=== Section Start ===

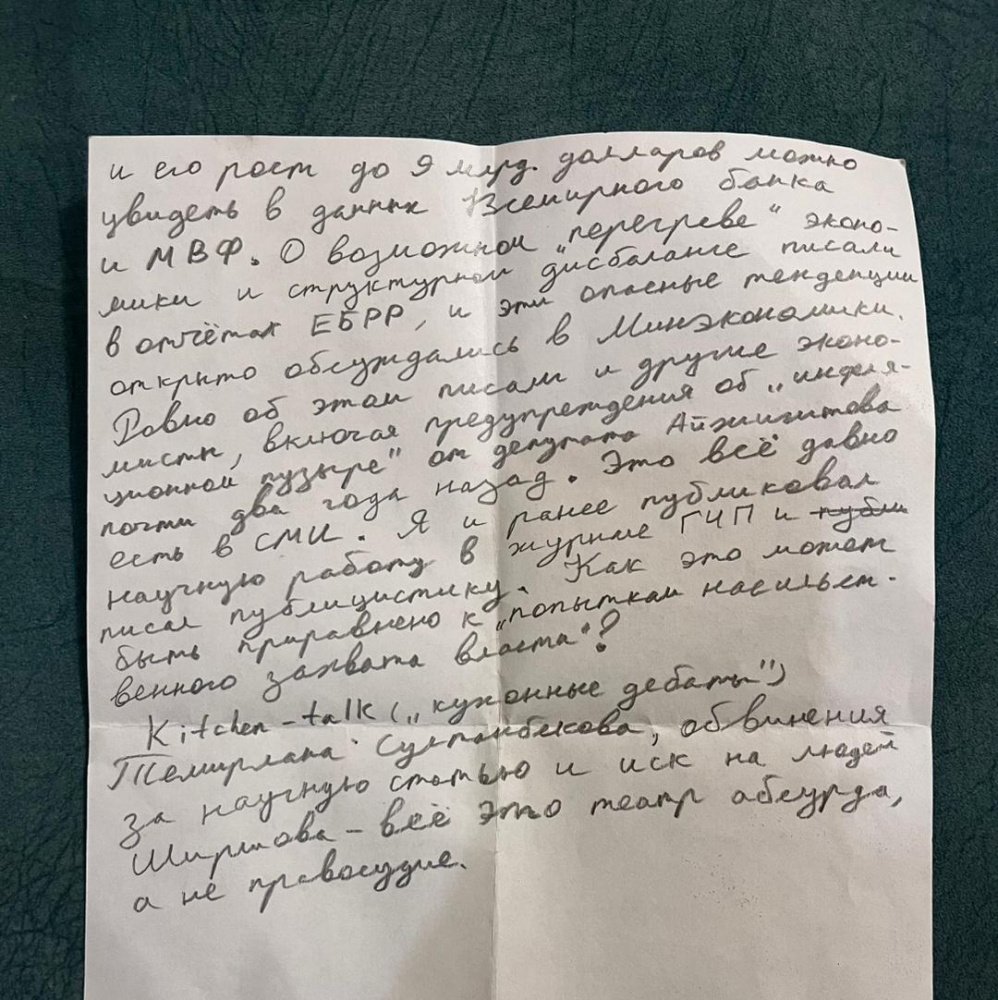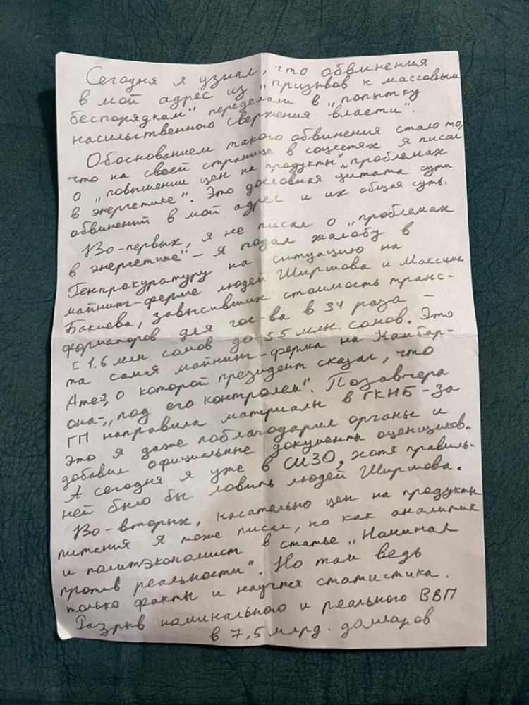 Издание Kaktus.media опубликовало написанные от руки письма Кадырбека Атамбаева, сына бывшего президента Кыргызстана Алмазбека Атамбаева, задержанного по делу о призывах к массовым беспорядкам. В них Атамбаев-младший рассказывает, что его теперь обвиняют в попытке насильственного свержения власти, а также называет предъявленные обвинения абсурдными, сообщает Orda.kz.
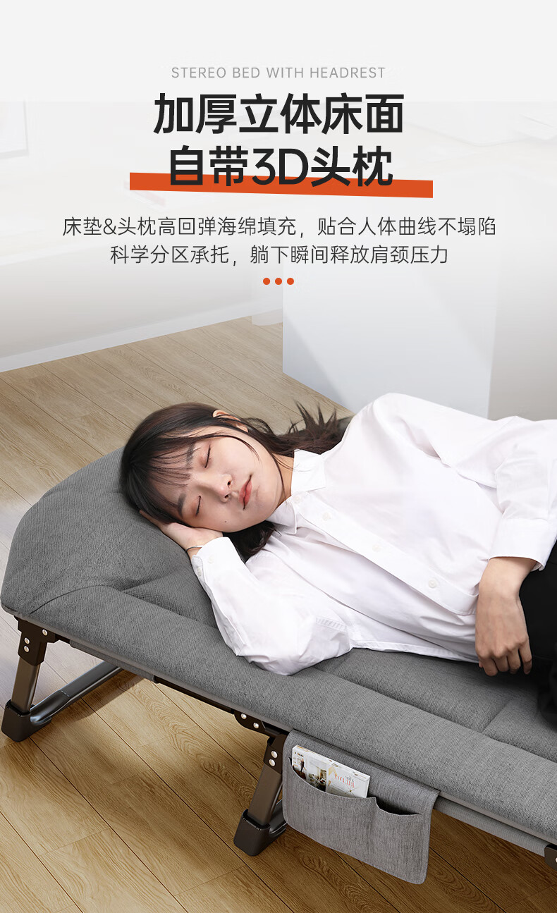 奥凯弗OKeefe折叠床躺椅午休床多功能单人行军床办公室午睡床陪护床灰色
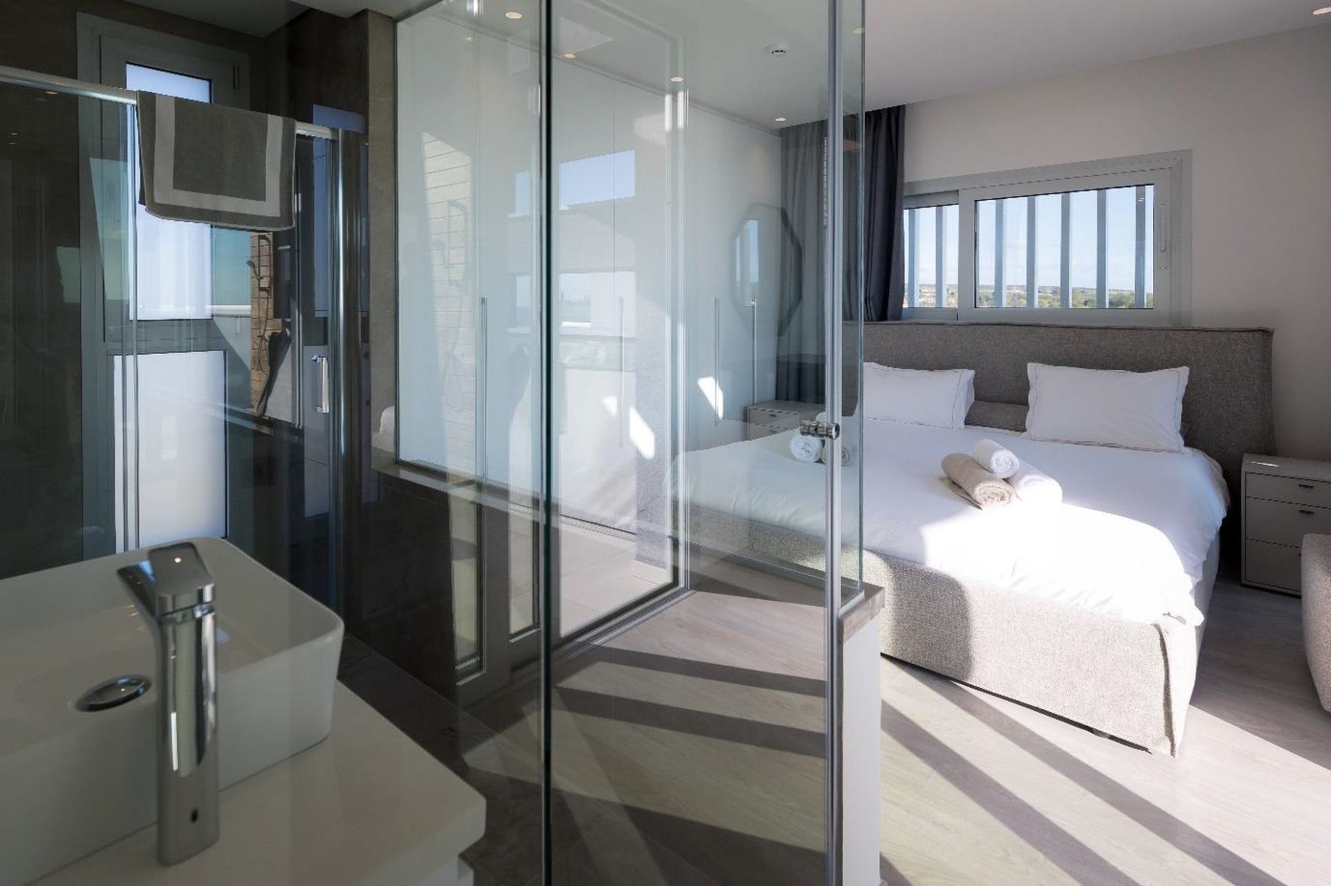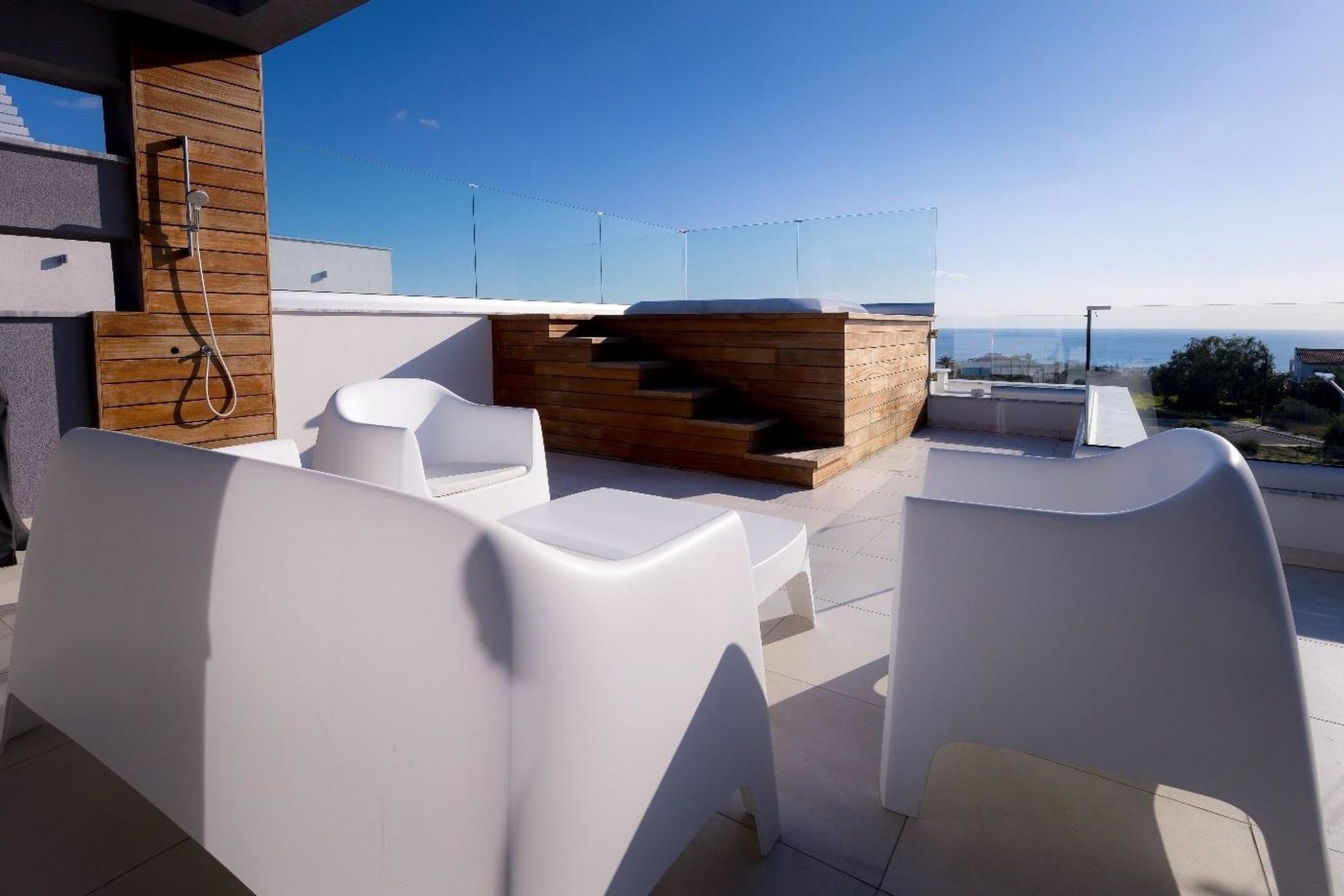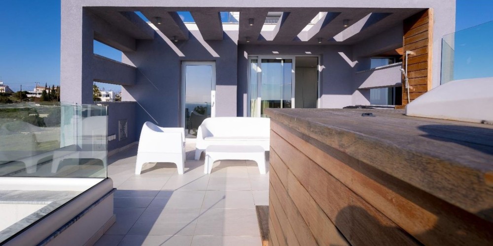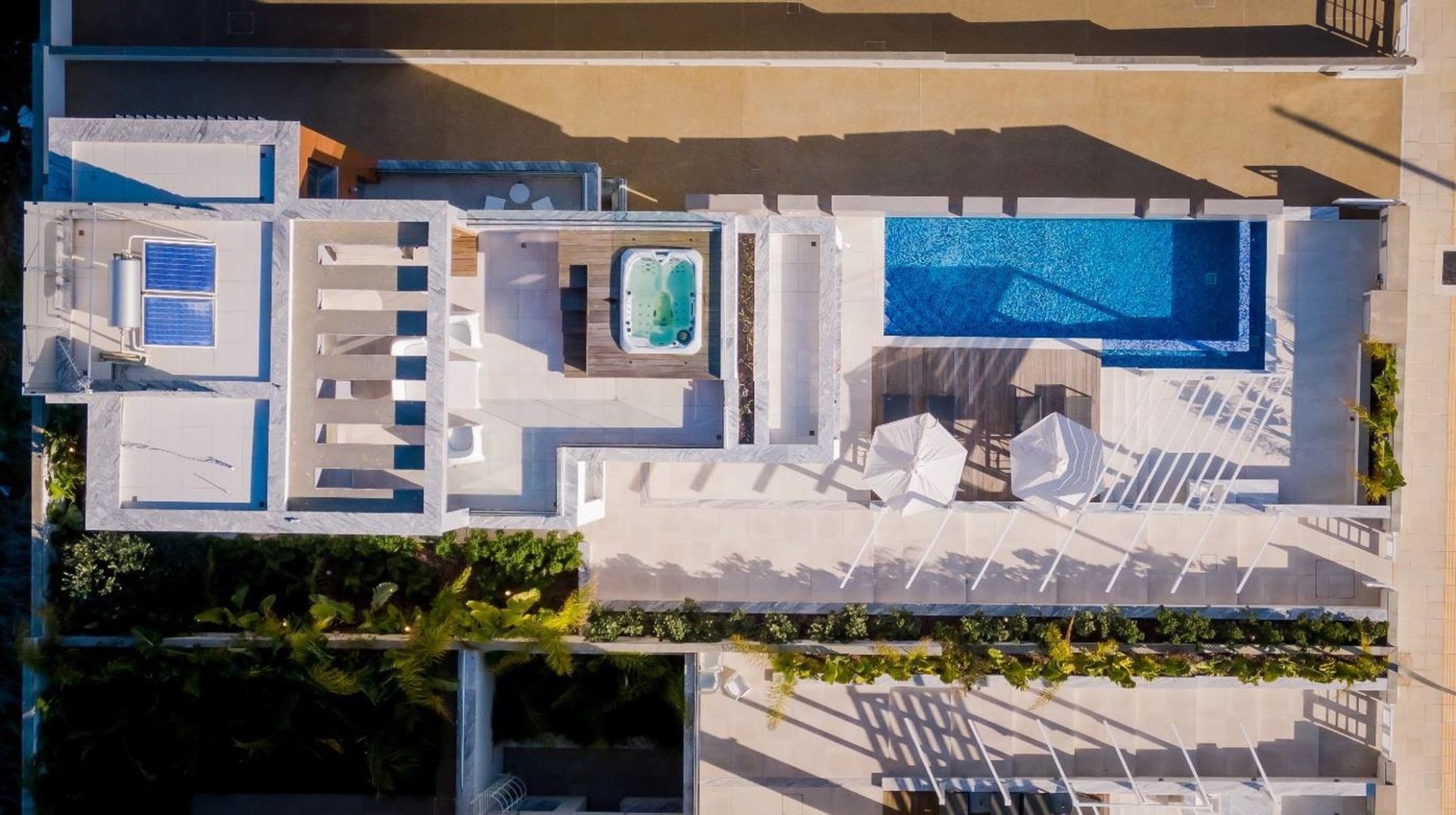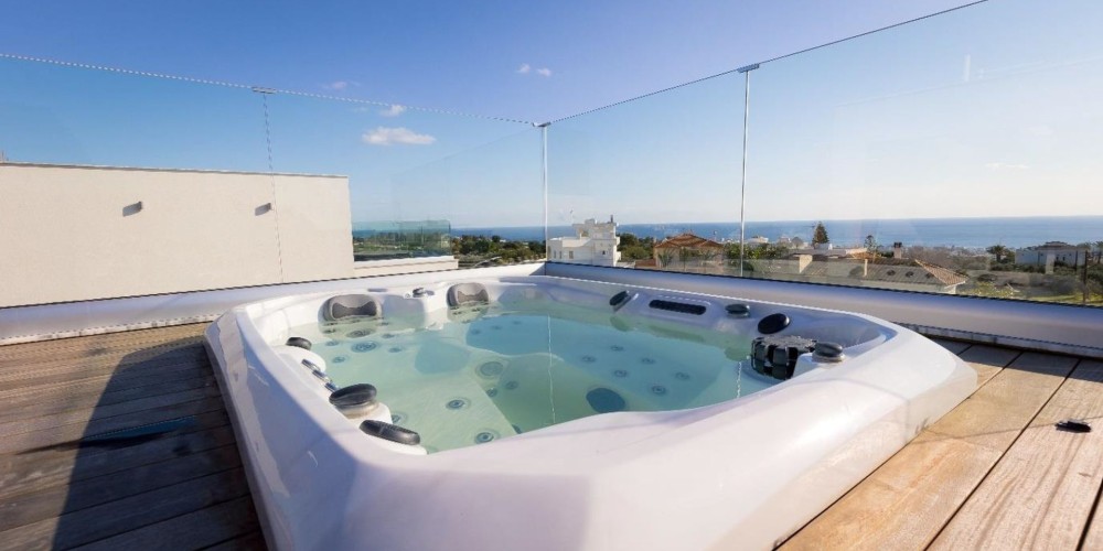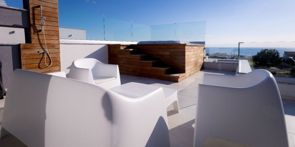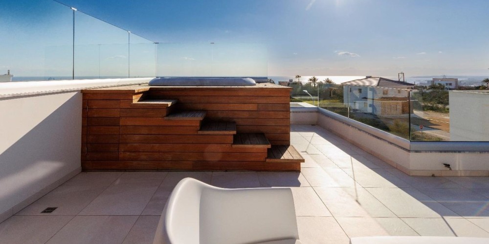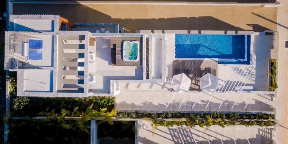 The villa’s exterior features practical and visually pleasing finishing materials. Inside, surfaces, fixtures and fittings have all been meticulously chosen to be both beautiful and long-lasting. The living room, kitchen and patio with the pool are all located on the ground floor. Two of the ensuite bedrooms are placed on the first floor and a third ensuite bedroom is found on the second floor, next to the roof terrace with the jacuzzi.

=== Section End ===

* _WHAT IS NEEDED_
Word for word, copy every line of the data, excluding any pictures.

* _RESULT OF THIS EXERCISE_
 Издание Kaktus.media опубликовало написанные от руки письма Кадырбека Атамбаева, сына бывшего президента Кыргызстана Алмазбека Атамбаева, задержанного по делу о призывах к массовым беспорядкам. В них Атамбаев-младший рассказывает, что его теперь обвиняют в попытке насильственного свержения власти, а также называет предъявленные обвинения абсурдными, сообщает Orda.kz.
 奥凯弗OKeefe折叠床躺椅午休床多功能单人行军床办公室午睡床陪护床灰色
 The villa’s exterior features practical and visually pleasing finishing materials. Inside, surfaces, fixtures and fittings have all been meticulously chosen to be both beautiful and long-lasting. The living room, kitchen and patio with the pool are all located on the ground floor. Two of the ensuite bedrooms are placed on the first floor and a third ensuite bedroom is found on the second floor, next to the roof terrace with the jacuzzi.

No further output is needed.